From July to October, visitors can spot Southern Ridge and Humpback whales who come here to calve away from predators. Furthermore, you will encounter other animals in these nutrient-filled waters — most notably sharks, dolphins, and giant squid. Seabirds, like albatross, will fly around your boat during the tour, but be careful since some will even be brave enough to steal food right from your hands.
Maori Wrasse of Hayman Islands
One of the most impressionable fish in the world, the Maori wrasse, is a friendly animal that will follow you around when you snorkel. A colorful body, thick lips, and distinctive forehead give this animal its signature look that many come to Hyman Islands only to see them. This is why Blue Pearl Bay is the best place to start exploring the marine life of the Hyman Islands, home to the famous wrasse Elvis and Priscilla.
January to March is the turtle season when younglings hatch and make their way to the sea, so you can be part of their journey and help them get there safely. Hermit crabs, sea urchins, sea cucumbers, and sea stars are closer to the shore so you can see them while strolling the beach. If you’ve never seen giant clams, this is a perfect opportunity to marvel at their 400-pounds bodies attached to the reef for the rest of their lives.
Manta rays of the Coral Bay
For many, manta rays resemble the birds of the sea, elegantly gliding through Australian waters at Coral Bay. They don’t have teeth and sharp barbs so you can swim and dive safely all year round, or admire them from a boat if that’s more comfortable. Being at the beginning of Ningaloo Reef gives Coral Bay a unique position to introduce some of the majestic marine life of the area.
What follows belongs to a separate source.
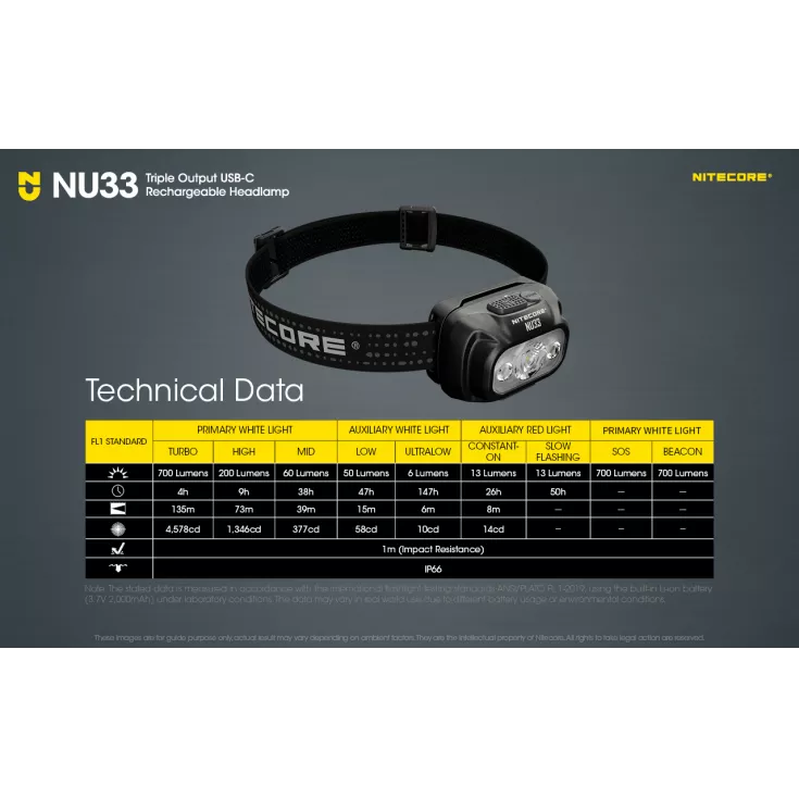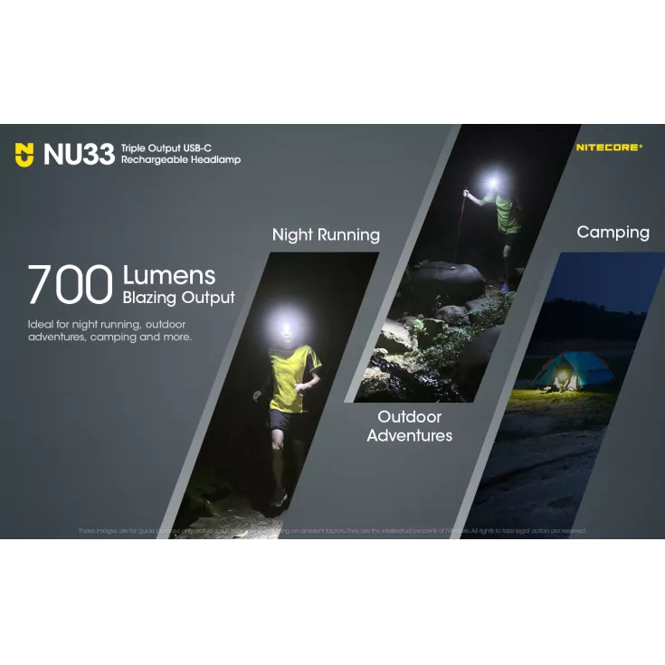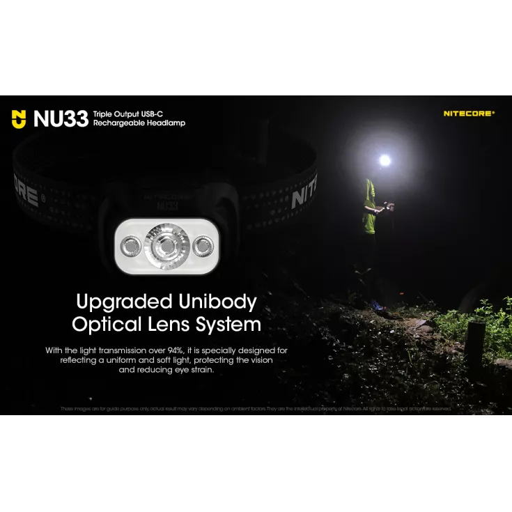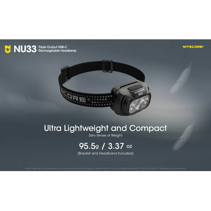 The headtorch is ultralight and compact, weighing just 95.5g. It has a durable and rugged construction, including the front housing which is made from aluminium, providing high efficiency heat dissipation and ideal for outdoor environments. The NU33 headtorch is perfect for night running, outdoor adventures and camping, plus lots more!

White sharks come here from March to June, while humpback whales visit from June to November for their seasonal migration. Dugongs and turtles are widely present during the year, while fishing trips will take you to catch tuna, marlin, and mahi-mahi. Nonetheless, Coral Bay has so-called sanctuary zones where you are not allowed to fish, but only admire the pristine marine life protected for research, tourism, and recreation purposes.
The bottom line
You won’t make mistakes wherever you choose to explore the underwater animals of the Land Down Under. These best places to visit to see Australian marine life will take you over bio-diversified regions, extraordinary species, and protected UNESCO World Heritage sites. Whether you go alone, with friends, or with kids, you will find a slew of adventures that will last for a lifetime.